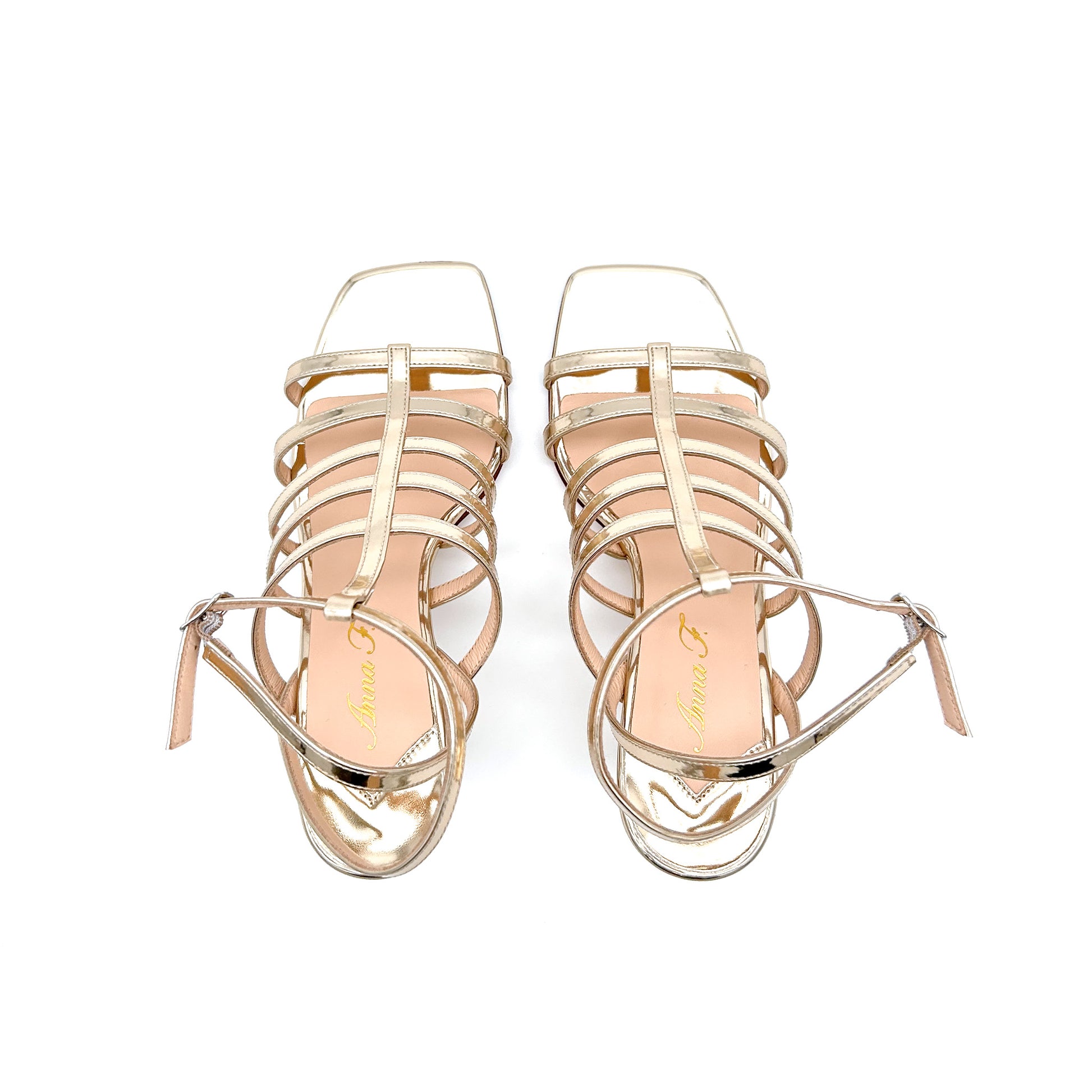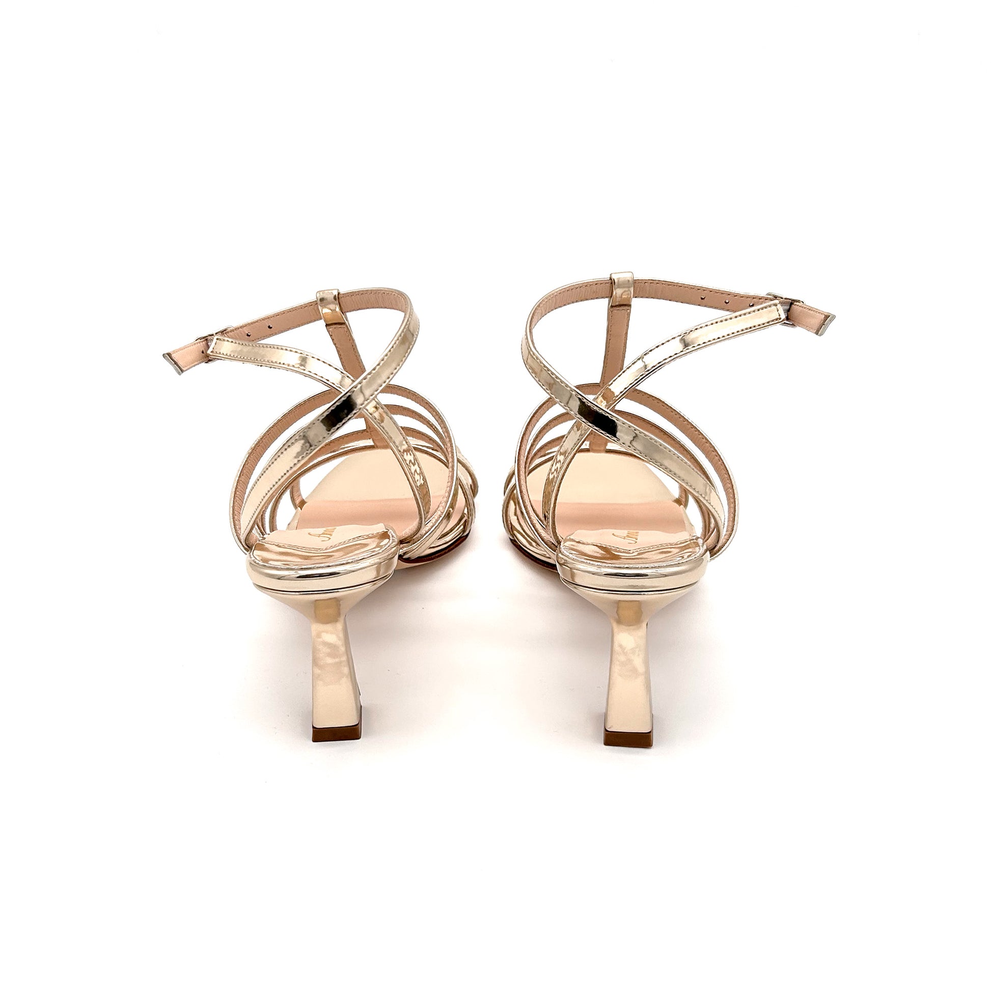 Sandalo con tacco di 9cm, realizzato in vernice colore platino. La forma a "t" e le strisce foderate in pelle raccolgono il piede avvolgendolo al meglio. Cinturino alla caviglia con fibbia argentata. Sottopiede in pelle. Suola in cuoio antiscivolo.
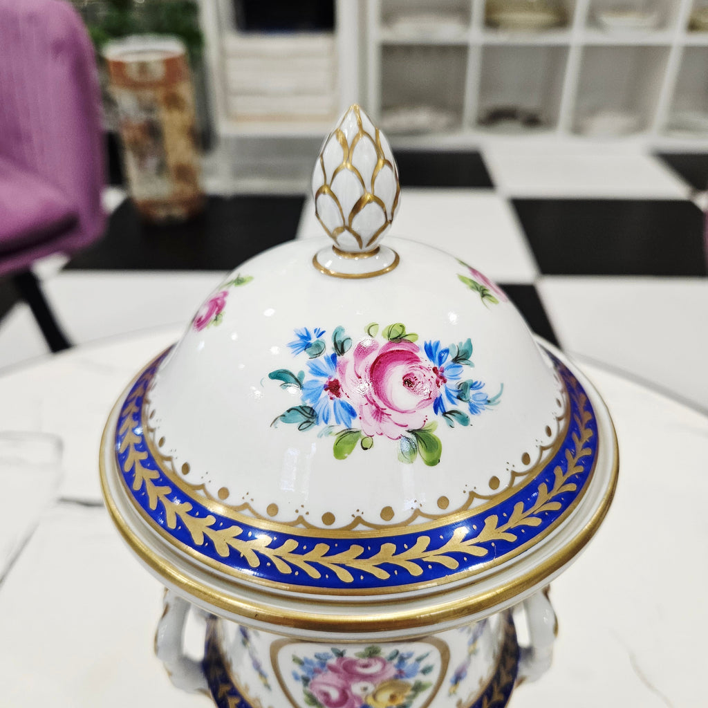 Das Dekor wird von einem satten Kobaltblau dominiert, das reich mit Goldornamenten und Kränzen verziert ist. Die kreisförmige Komposition in der Mitte ist mit mehrfarbigen Rosen- und anderen Blumensträußen verziert, die der Vase eine besondere dekorative Note verleihen. Der Deckel ist mit einem durchbrochenen Goldknauf versehen, der ebenfalls mit Blumenbouquets und Goldornamenten verziert ist.
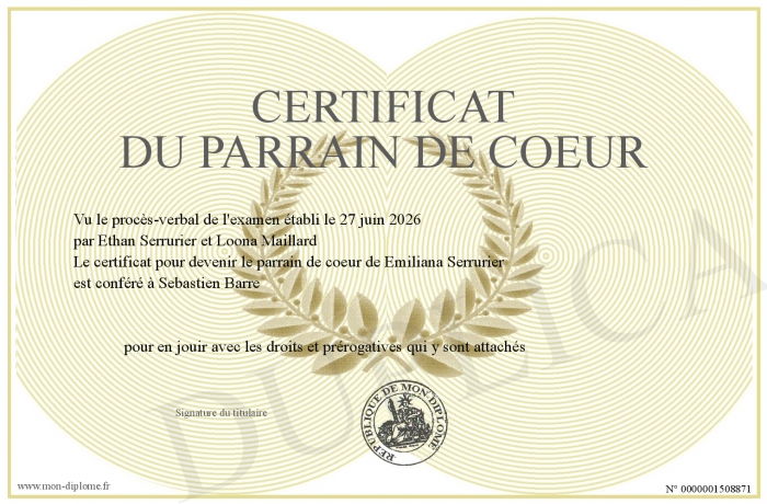 Envoyez par email votre Certificat du Parrain de coeur personalisé
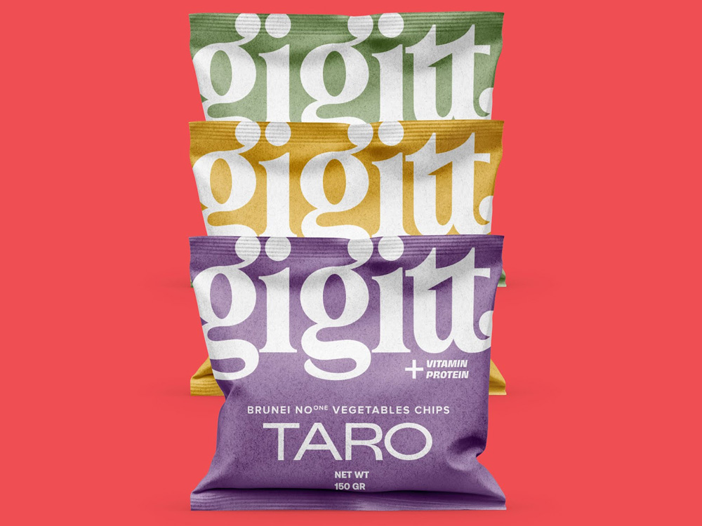 Студия Widarto Impact (Индонезия) представляет дизайн упаковки для овощных снеков GIGIT. Дизайнеры решили обойтись без изображения овощей, потому что это слишком часто используемый образ на упаковке снеков.
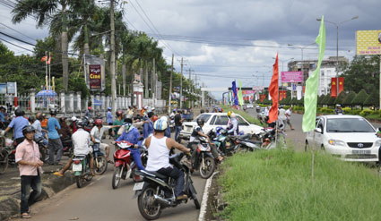 Chiếc xe 56K 2810 lật giữa đường, bị bể bánh trước bên phải, khiến xe ô tô đi qua khu vực này rất khó khăn. Rất đông người đi đường cả đi xe máy và ô tô dừng lại xúm đến xem càng làm cho lưu thông khó hơn.
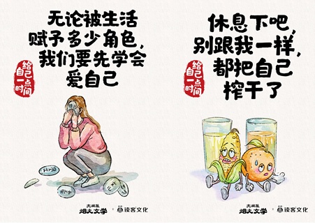 即日起至8月20日,大润发与读客文化联合发起烟火文学系列之“给自己一些时间”主题活动。此次烟火文案从人们日常生活购物场景出发,以牛角包、麻薯、鲜榨橙汁等商品为主角进行创作。如超市作为生活的承载者,配以柴米油盐的插画,发问:“你有多久没爱自己了?”;以鲜榨果汁的视角告诉大家:“休息下吧,别跟我一样,都把自己榨干了”;还有牛角包的“劝说”:“今天不钻牛角尖,吃个牛角包”……

-*-

[Your instructions]: Skip the pictures and reproduce all remaining entries exactly.

[Result]:
 Sandalo con tacco di 9cm, realizzato in vernice colore platino. La forma a "t" e le strisce foderate in pelle raccolgono il piede avvolgendolo al meglio. Cinturino alla caviglia con fibbia argentata. Sottopiede in pelle. Suola in cuoio antiscivolo.
 Das Dekor wird von einem satten Kobaltblau dominiert, das reich mit Goldornamenten und Kränzen verziert ist. Die kreisförmige Komposition in der Mitte ist mit mehrfarbigen Rosen- und anderen Blumensträußen verziert, die der Vase eine besondere dekorative Note verleihen. Der Deckel ist mit einem durchbrochenen Goldknauf versehen, der ebenfalls mit Blumenbouquets und Goldornamenten verziert ist.
 Envoyez par email votre Certificat du Parrain de coeur personalisé
 Студия Widarto Impact (Индонезия) представляет дизайн упаковки для овощных снеков GIGIT. Дизайнеры решили обойтись без изображения овощей, потому что это слишком часто используемый образ на упаковке снеков.
 Chiếc xe 56K 2810 lật giữa đường, bị bể bánh trước bên phải, khiến xe ô tô đi qua khu vực này rất khó khăn. Rất đông người đi đường cả đi xe máy và ô tô dừng lại xúm đến xem càng làm cho lưu thông khó hơn.
 即日起至8月20日,大润发与读客文化联合发起烟火文学系列之“给自己一些时间”主题活动。此次烟火文案从人们日常生活购物场景出发,以牛角包、麻薯、鲜榨橙汁等商品为主角进行创作。如超市作为生活的承载者,配以柴米油盐的插画,发问:“你有多久没爱自己了?”;以鲜榨果汁的视角告诉大家:“休息下吧,别跟我一样,都把自己榨干了”;还有牛角包的“劝说”:“今天不钻牛角尖,吃个牛角包”……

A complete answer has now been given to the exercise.